Th18 - Long Term Expanded Purified Allospecific Tr1 Cells Maintain a Suppressive Phenotype and Function in the Presence of Inflammatory Cytokines and Express a Chemokine Receptor Profile Involved in Allograft Tolerance.

The development of new strategies based on the use of Tr1 cells has taken relevance to induce long-term tolerance, especially in the context of transplantation. Recent studies have shown the need for a more exhaustive characterization to ensure a bona fide Tr1 population to be used as therapy. It has been reported that the proinflammatory environment induced by the allograft could affect the suppressive function of Treg cells, although the stability of Tr1 cells in vitro and in vivo has been poorly investigated. Another important aspect that must be considered is the homing of Tr1 cells to achieve an efficient allograft tolerance, where key chemokine receptor expression plays an important role.

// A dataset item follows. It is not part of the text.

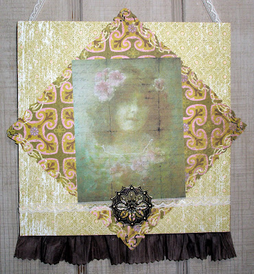 I just wanted to pop in and tell you about a contest I am entered in. It is a monthly contest by Gail Schmidt on her new blog Mind Wide Open. This is the first of many wonderful contests! I found out about it the night before I left for Nashville but I managed to make a small wall hanging to enter. I definitely made it more simple than the others. I wanted the image to be the main focus. So not a lot of bells and whistles!
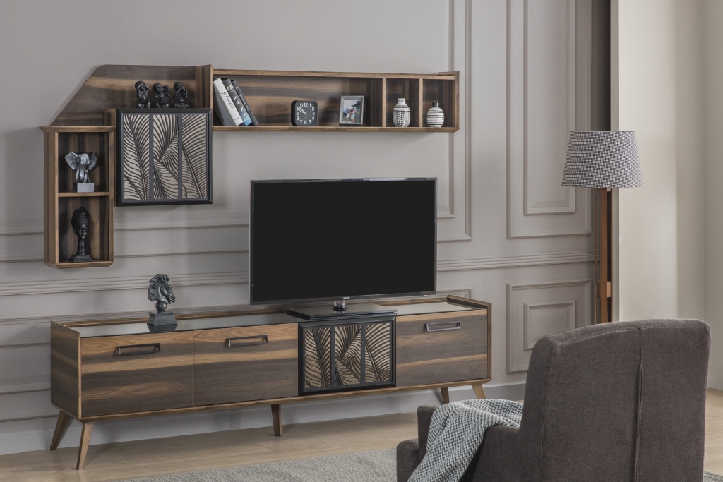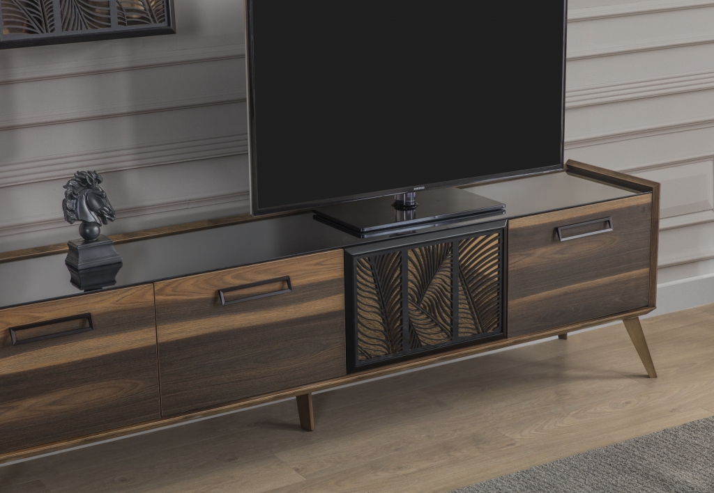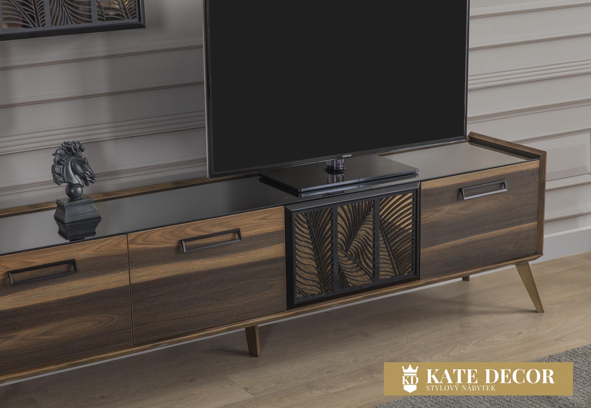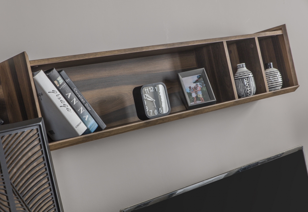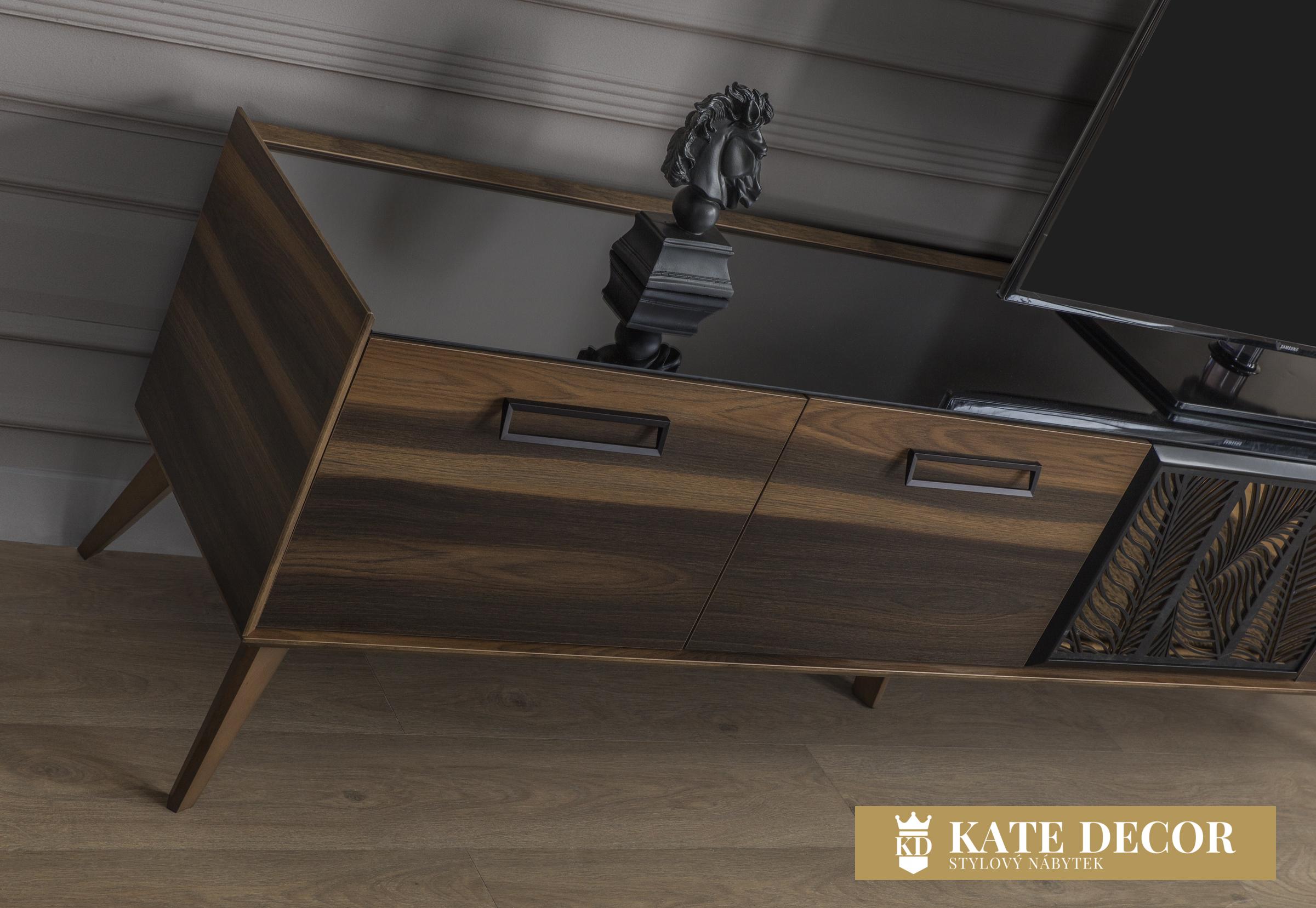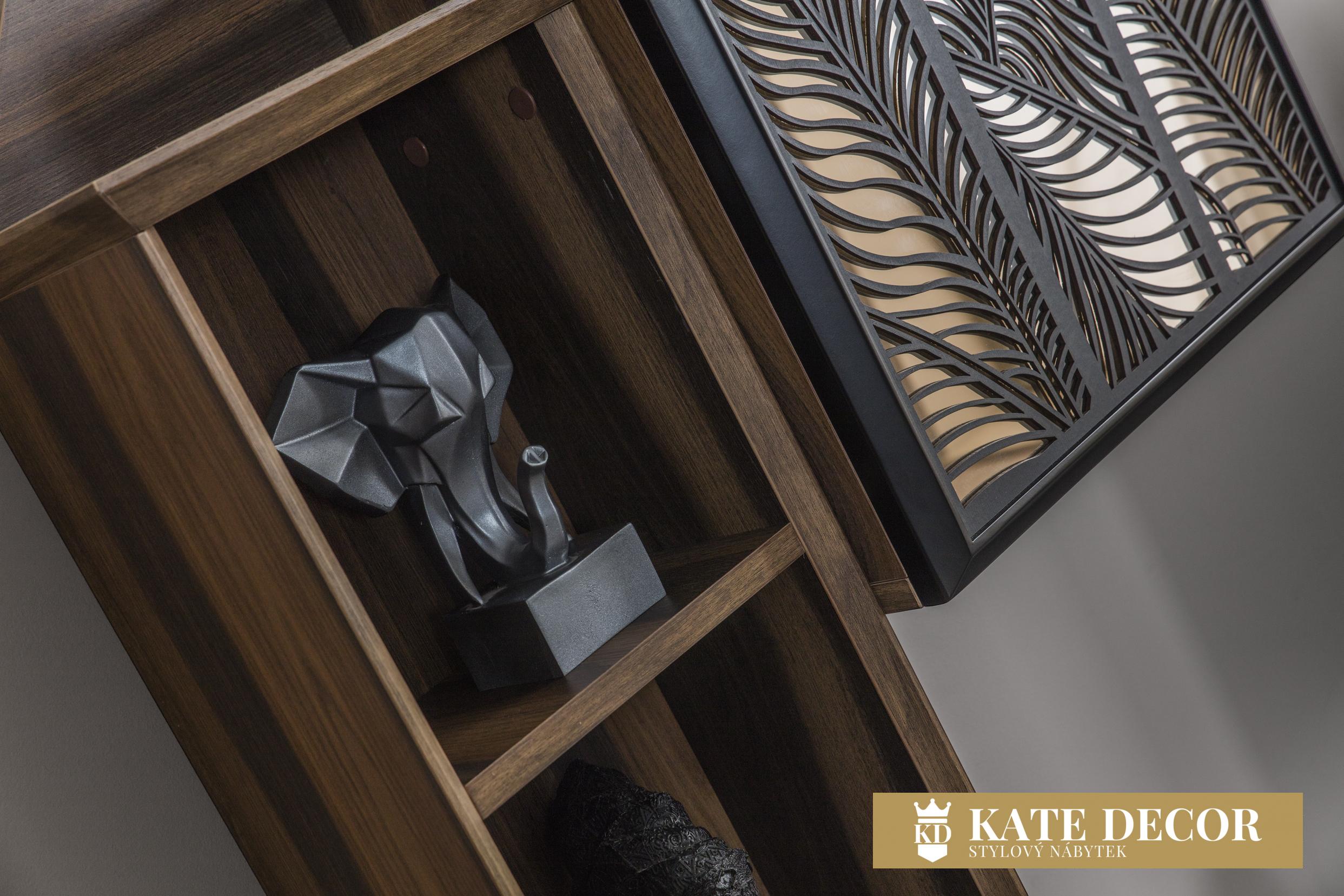 Model, který už jen svým vzhledem prozrazuje ruční práci. Detaily, nuance a všechny vlastnosti jsou důkazem této vytříbenosti. Použití laserových dekorů na zrcadlech a skříňkách, skleněná deska a barevná harmonie zdobí soupravu a činí ji středem pozornosti. Povrchy cedrových dřevotřískových desek jsou opracovány pod úhlem 45 stupňů, což svědčí o jejich třídě, odolnosti a rafinovanosti. Sekce nejenže dodá Vašemu pokoji styl, ale také poskytne dostatek úložného prostoru.

Here, we established an optimized protocol that allows long term in vitro expansion of highly purified allospecific Tr1 (exp-allo-Tr1). After being expanded under proinflammatory conditions we observed that our population maintains a high co-expression of CD49b, LAG-3 (≈80%), which produce high levels of IL-10 (≈90%) and expressed co-inhibitory receptors (PD-1, CTLA-4, TIM-3, TIGIT, and CD39) and efficiently suppressed allospecific but third party T cell responses.  Additionally, we observed that exp-allo-Tr1 expressed a high percentage of chemokine receptors involved in allograft tolerance, such as CCR2 (65.5%±19.75), CCR4 (77.5%±10.45) but not CCR7 (16.9%±7.75). Moreover, exp-allo-Tr1 also expressed CXCR3 (47.3 %), which could promote their homing to the kidney allograft. 

Our data indicate that exp-allo-Tr1 are stable and express relevant homing receptors supporting their potential use in long-term transplantation tolerance.